- [PROBLEM REQUIREMENTS]: In the records below, find the line containing "Pentax Papilio III" and repeat it and every line after it exactly, without pictures.

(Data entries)
------------------------------

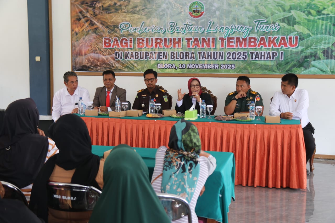 Blora – Ribuan buruh tani tembakau di Kabupaten Blora menerima bantuan uang tunai dari Dana Bagi Hasil Cukai Hasil Tembakau (DBHCHT) tahap pertama tahun 2025. Bantuan tersebut mulai disalurkan oleh Pemerintah Kabupaten Blora, pada Senin (10/11/2025) di Kantor Kecamatan Blora.
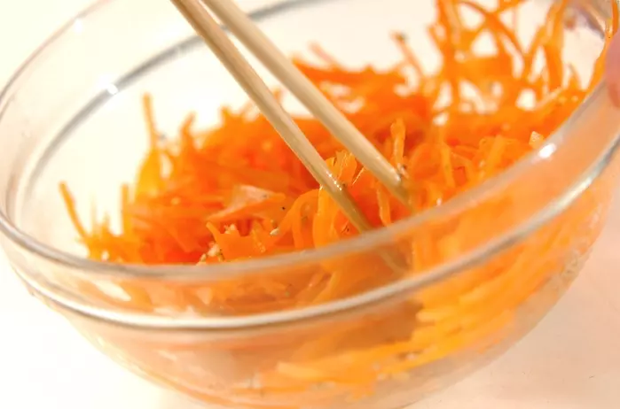 塩少々を入れた熱湯で、ニンジンをサッとゆでて水に取り、粗熱が取れたら水気をしっかり絞る。塩コショウ 少々、白ゴマ 小さじ1、ゴマ油 小さじ1 を加えてよく混ぜ合わせ、器に盛る。
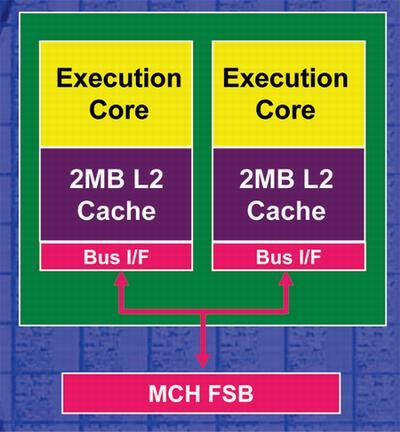 Pentium D和Pentium EE分别面向主流市场以及高端市场,其每个核心采用独立式缓存设计,在处理器内部两个核心之间是互相隔绝的,通过处理器外部(主板北桥芯片)的仲裁器负责两个核心之间的任务分配以及缓存数据的同步等协调工作。两个核心共享前端总线,并依靠前端总线在两个核心之间传输缓存同步数据。从架构上来看,这种类型是基于独立缓存的松散型双核心处理器耦合方案,其优点是技术简单,只需要将两个相同的处理器内核封装在同一块基板上即可;缺点是数据延迟问题比较严重,性能并不尽如人意。另外,Pentium D和Pentium EE的最大区别就是Pentium EE支持超线程技术而Pentium D则不支持,Pentium EE在打开超线程技术之后会被操作系统识别为四个逻辑处理器。
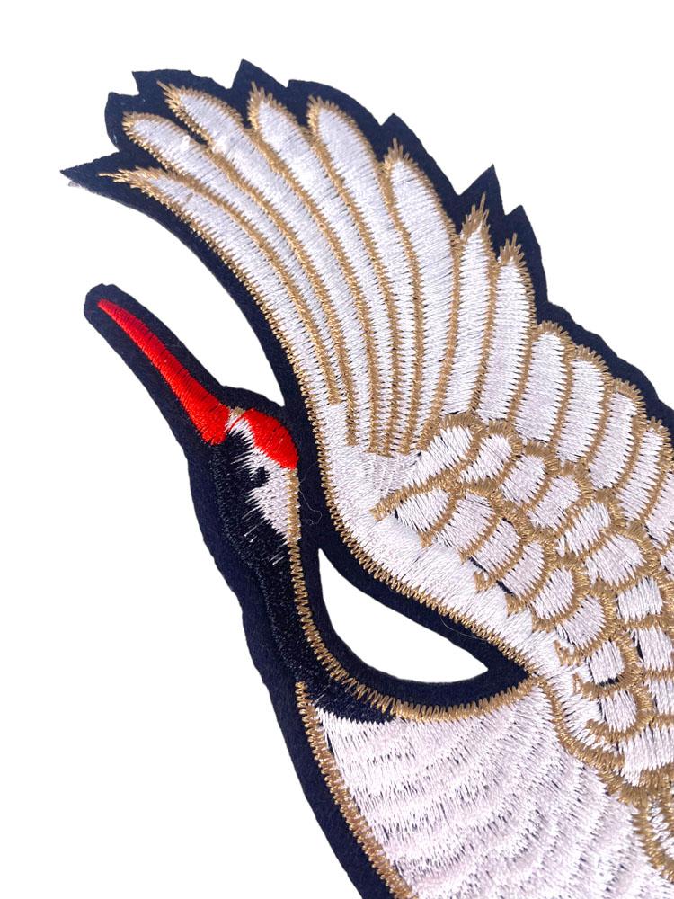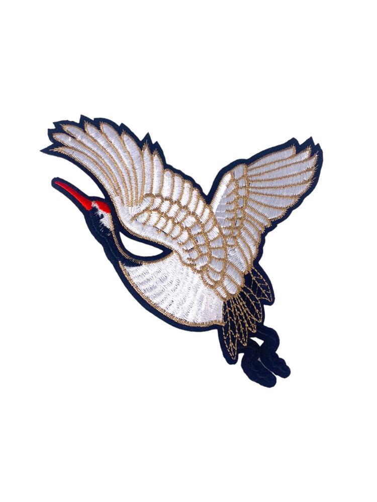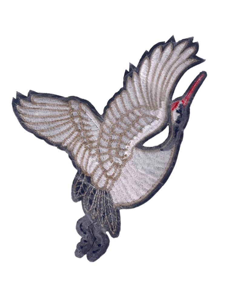 Embroidered Patch of a Flying Crane with Elegant Wing Detail
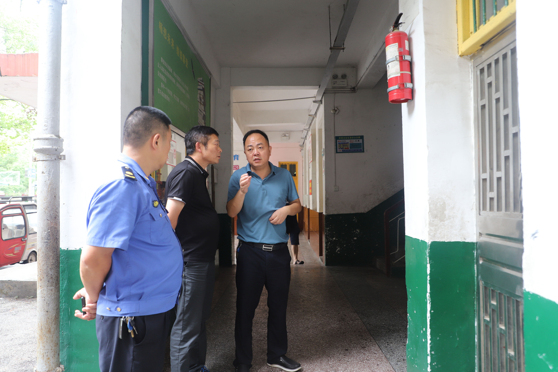 在桃花江镇第二初级中学北校区,6月1日创建曝光台曝光了学校围墙和校内社会主义核心价值观宣传栏破损的情况,如今过去了一个月,问题仍未整改。暗访中发现,校内宣传栏布满灰尘、地面杂草和树叶遍地,拖把随意挂在围墙上,消防器材检查记录表记录停留在2020年,2年未更新。林龙飞对学校负责人提出批评,按照校方的表态,林龙飞要求校方于明天全部整改到位,同时安排县创建办和县融媒体中心开展工作“回头看”。
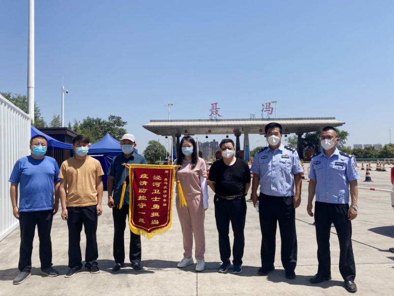 “感谢你们日夜奋战守护着我们,你们辛苦了!” 7月7日上午,泾河新城永乐街道王师傅为聂冯交通卡口工作人员送上一面印有“泾河卫士勇担当,疫情防控守一线”的锦旗,代表新城货车司机衷心感谢筑牢防疫一线,守护新城人民的“泾河卫士”。
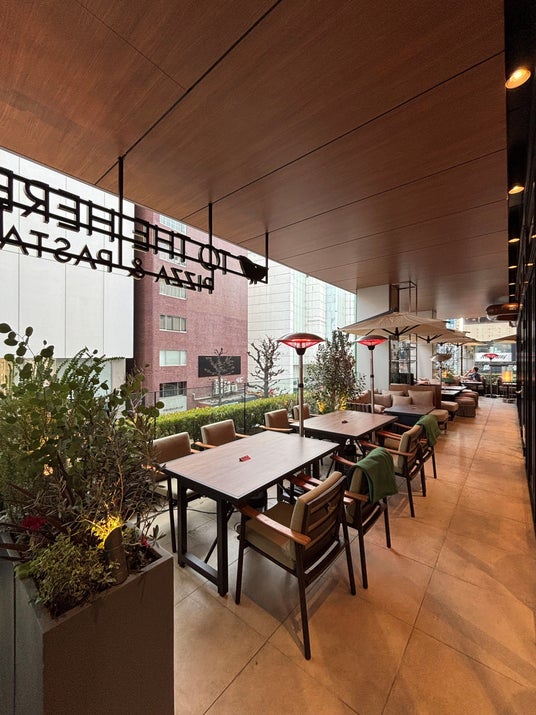 是非、 焼き立てピッツァや新作パフェをテラス席でもお楽しみください。
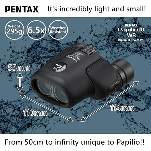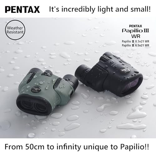 Pentax Papilio III Binoculars, 6.5 x 21 Weather Resistant, Black, Focus 50 cm, Splash Resistant, Museum, Outdoor, Nature, Live Sports, HD Processing
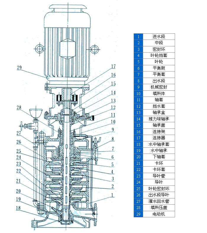 DL型立式清水多級泵結(jié)構(gòu)圖
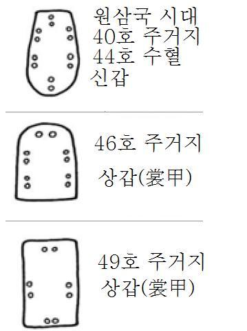 -한반도 남부지역에서도 최소 2종류(고-북방식찰갑, 어린갑 등) 이상의 다양한 형태의 갑주를 사용한 것을 알 수 있음.
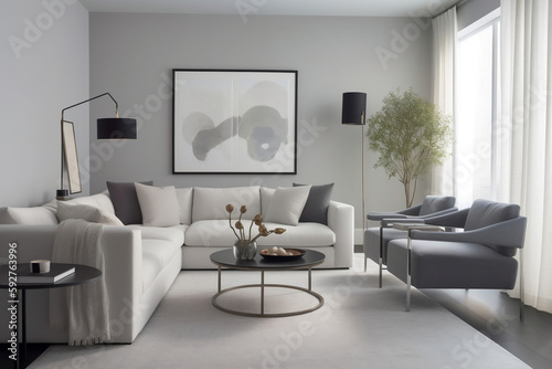 Stilvolles und modernes Wohnzimmer mit minimalistischem Design, Generative AI
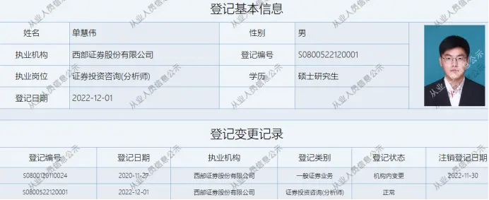 图为单慧伟执业信息,西部证券是单慧伟唯一卖方执业机构经历
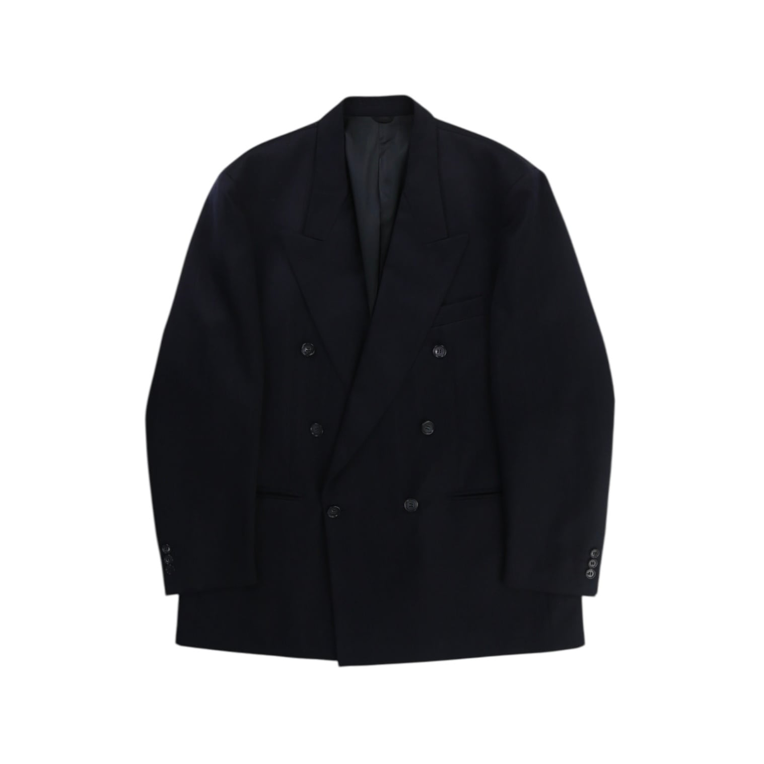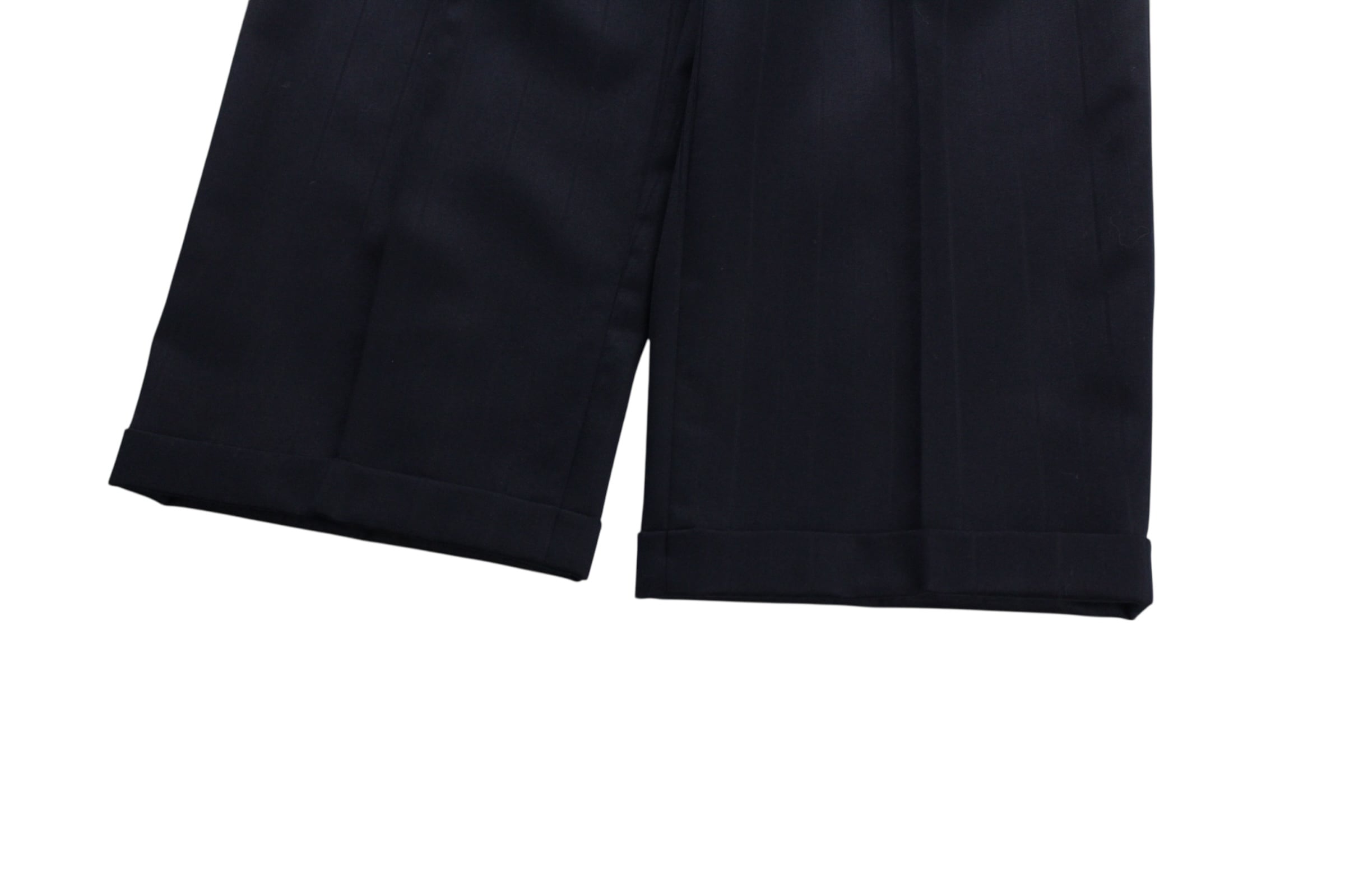 ツヤッツヤのネイビー地にストライプのダブルセットアップです◎
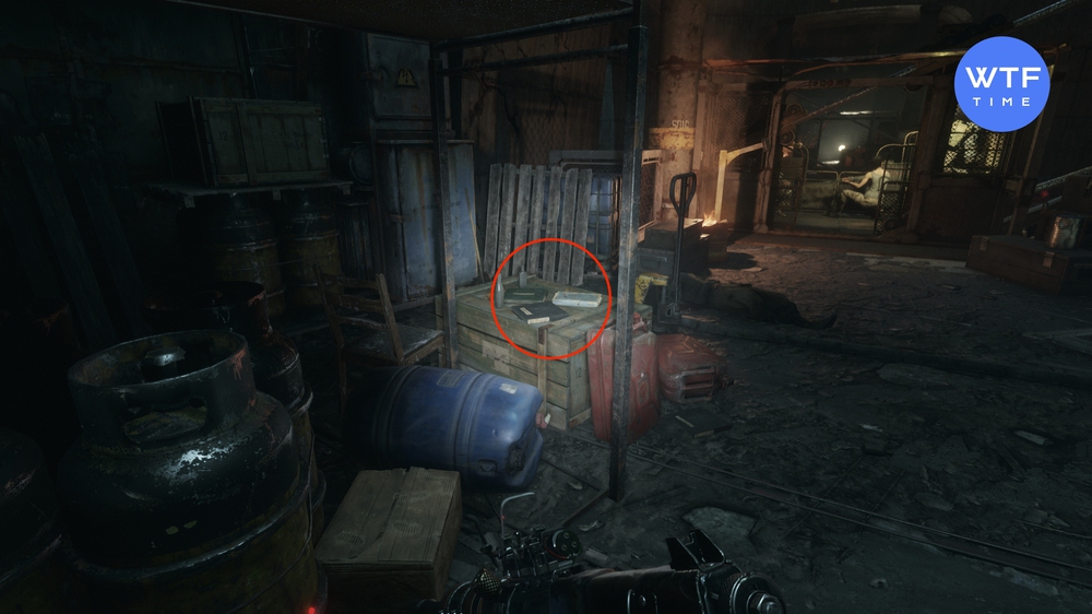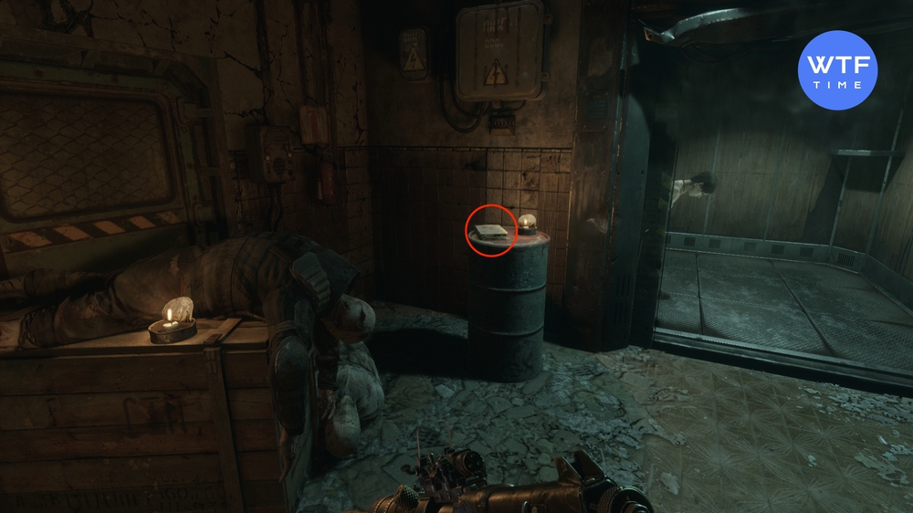 - Дневник №5 - перед входом в следующий лифт не забудьте забрать "Дневник офицера 2", лежащий на бочке рядом.

------------------------------

- [ANSWER BELOW]:
 Pentax Papilio III Binoculars, 6.5 x 21 Weather Resistant, Black, Focus 50 cm, Splash Resistant, Museum, Outdoor, Nature, Live Sports, HD Processing
 DL型立式清水多級泵結(jié)構(gòu)圖
 -한반도 남부지역에서도 최소 2종류(고-북방식찰갑, 어린갑 등) 이상의 다양한 형태의 갑주를 사용한 것을 알 수 있음.
 Stilvolles und modernes Wohnzimmer mit minimalistischem Design, Generative AI
 图为单慧伟执业信息,西部证券是单慧伟唯一卖方执业机构经历
 ツヤッツヤのネイビー地にストライプのダブルセットアップです◎
 - Дневник №5 - перед входом в следующий лифт не забудьте забрать "Дневник офицера 2", лежащий на бочке рядом.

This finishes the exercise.